=== Begin Enclosure ===

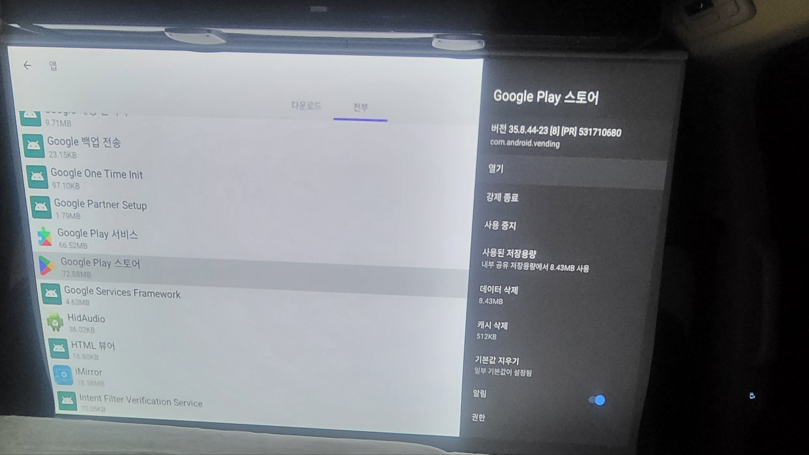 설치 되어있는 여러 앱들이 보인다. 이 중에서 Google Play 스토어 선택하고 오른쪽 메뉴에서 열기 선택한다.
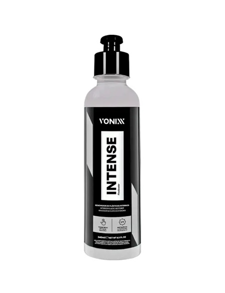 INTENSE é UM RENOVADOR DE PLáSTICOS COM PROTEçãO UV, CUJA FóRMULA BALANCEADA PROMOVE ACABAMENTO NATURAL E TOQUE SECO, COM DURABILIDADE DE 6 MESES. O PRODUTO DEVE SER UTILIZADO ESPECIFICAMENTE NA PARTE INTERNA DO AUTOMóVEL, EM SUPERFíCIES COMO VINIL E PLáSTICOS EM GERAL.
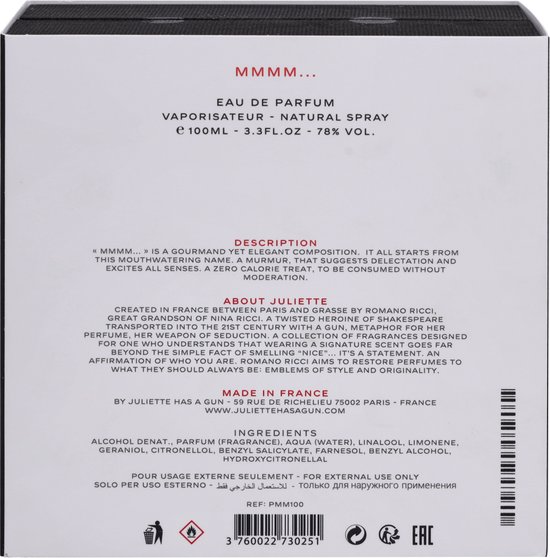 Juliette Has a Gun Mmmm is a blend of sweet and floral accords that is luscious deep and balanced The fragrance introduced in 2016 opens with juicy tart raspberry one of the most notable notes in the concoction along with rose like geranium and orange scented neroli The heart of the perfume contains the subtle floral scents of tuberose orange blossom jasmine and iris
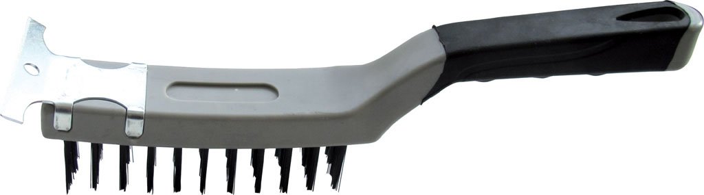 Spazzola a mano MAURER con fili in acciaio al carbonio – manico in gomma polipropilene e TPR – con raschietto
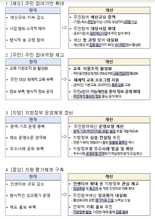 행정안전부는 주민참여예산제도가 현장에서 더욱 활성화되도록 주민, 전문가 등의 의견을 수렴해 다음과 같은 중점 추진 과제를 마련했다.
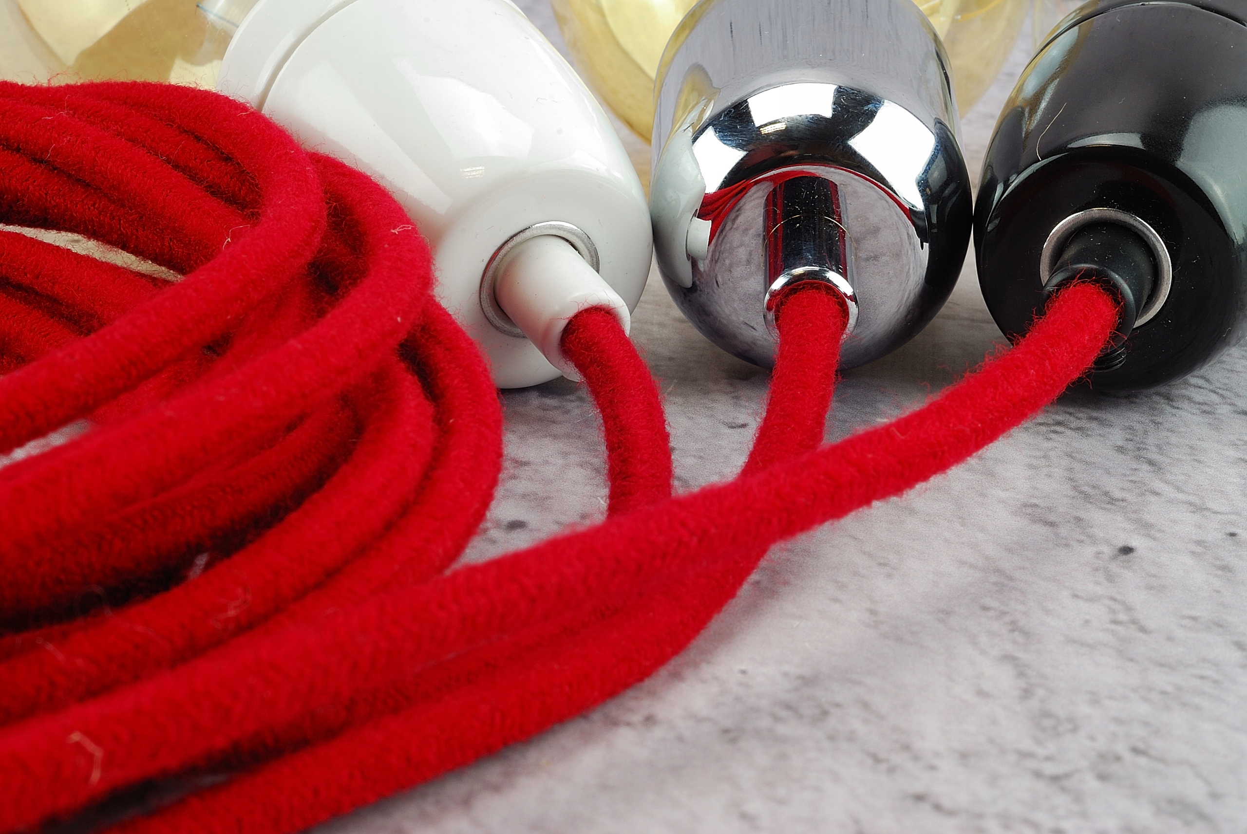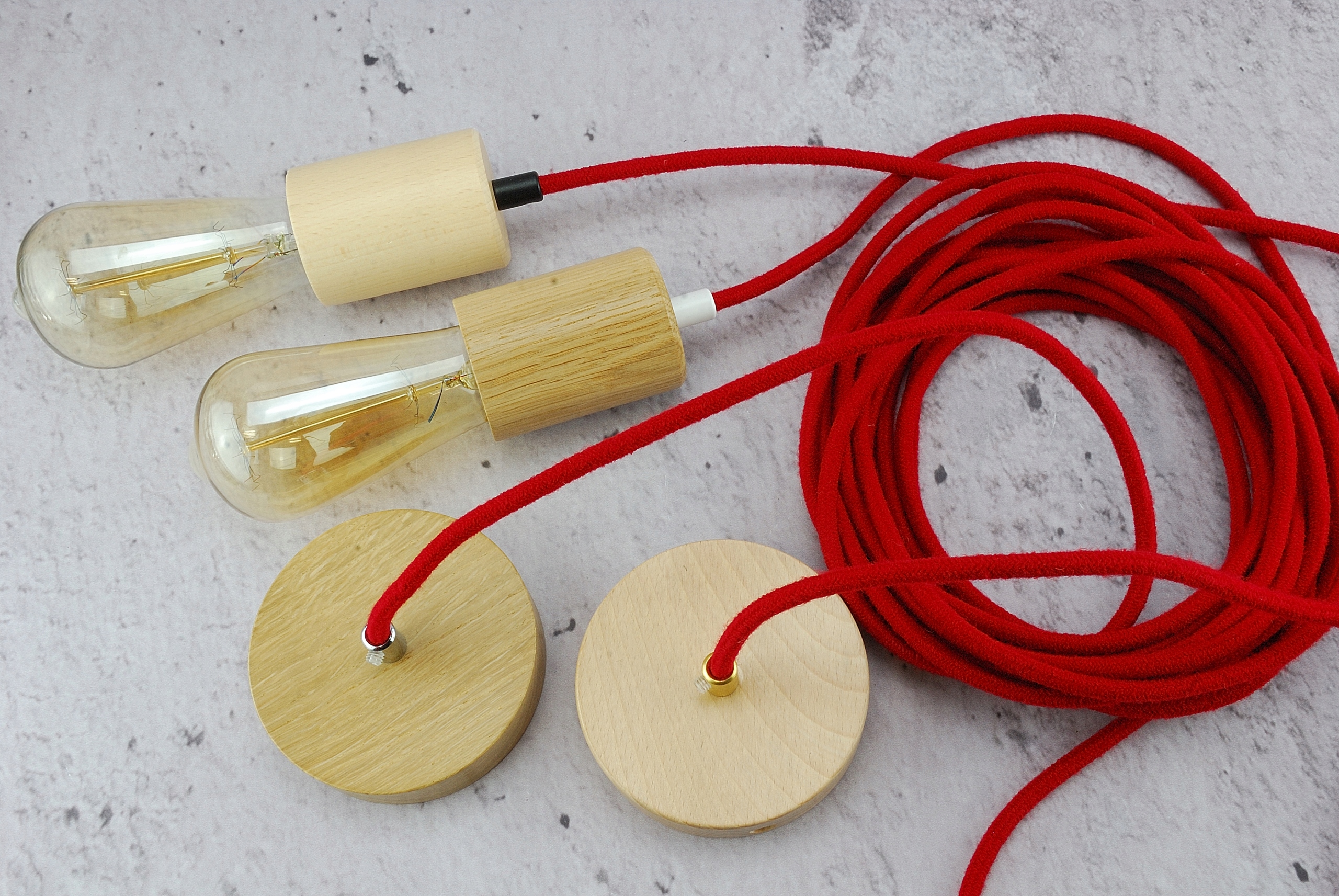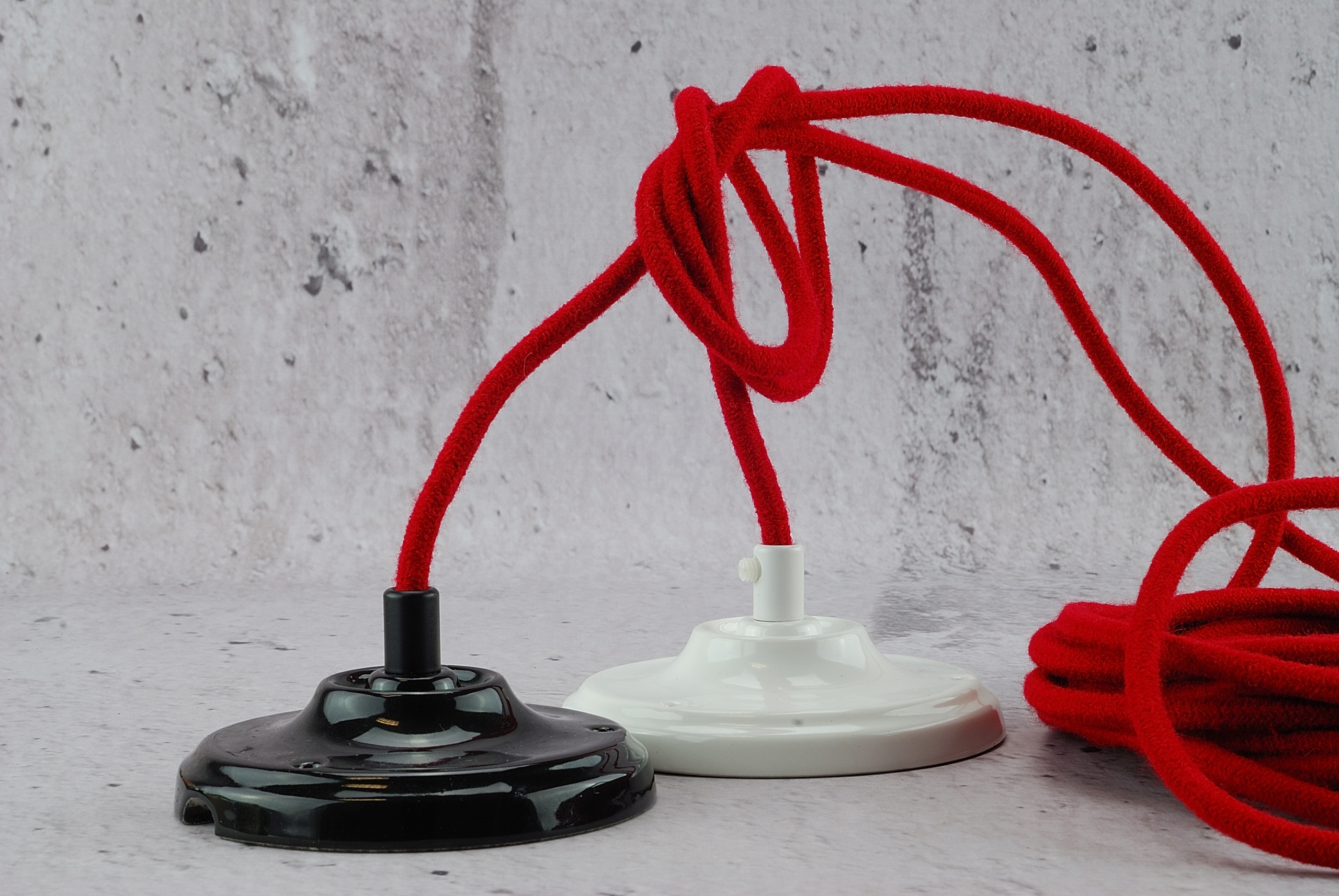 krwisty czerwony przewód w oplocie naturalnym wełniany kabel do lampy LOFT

=== End Enclosure ===

## Requirement
With the pictures left aside, set down each entry above exactly as it stands.

## Written solution
 설치 되어있는 여러 앱들이 보인다. 이 중에서 Google Play 스토어 선택하고 오른쪽 메뉴에서 열기 선택한다.
 INTENSE é UM RENOVADOR DE PLáSTICOS COM PROTEçãO UV, CUJA FóRMULA BALANCEADA PROMOVE ACABAMENTO NATURAL E TOQUE SECO, COM DURABILIDADE DE 6 MESES. O PRODUTO DEVE SER UTILIZADO ESPECIFICAMENTE NA PARTE INTERNA DO AUTOMóVEL, EM SUPERFíCIES COMO VINIL E PLáSTICOS EM GERAL.
 Juliette Has a Gun Mmmm is a blend of sweet and floral accords that is luscious deep and balanced The fragrance introduced in 2016 opens with juicy tart raspberry one of the most notable notes in the concoction along with rose like geranium and orange scented neroli The heart of the perfume contains the subtle floral scents of tuberose orange blossom jasmine and iris
 Spazzola a mano MAURER con fili in acciaio al carbonio – manico in gomma polipropilene e TPR – con raschietto
 행정안전부는 주민참여예산제도가 현장에서 더욱 활성화되도록 주민, 전문가 등의 의견을 수렴해 다음과 같은 중점 추진 과제를 마련했다.
 krwisty czerwony przewód w oplocie naturalnym wełniany kabel do lampy LOFT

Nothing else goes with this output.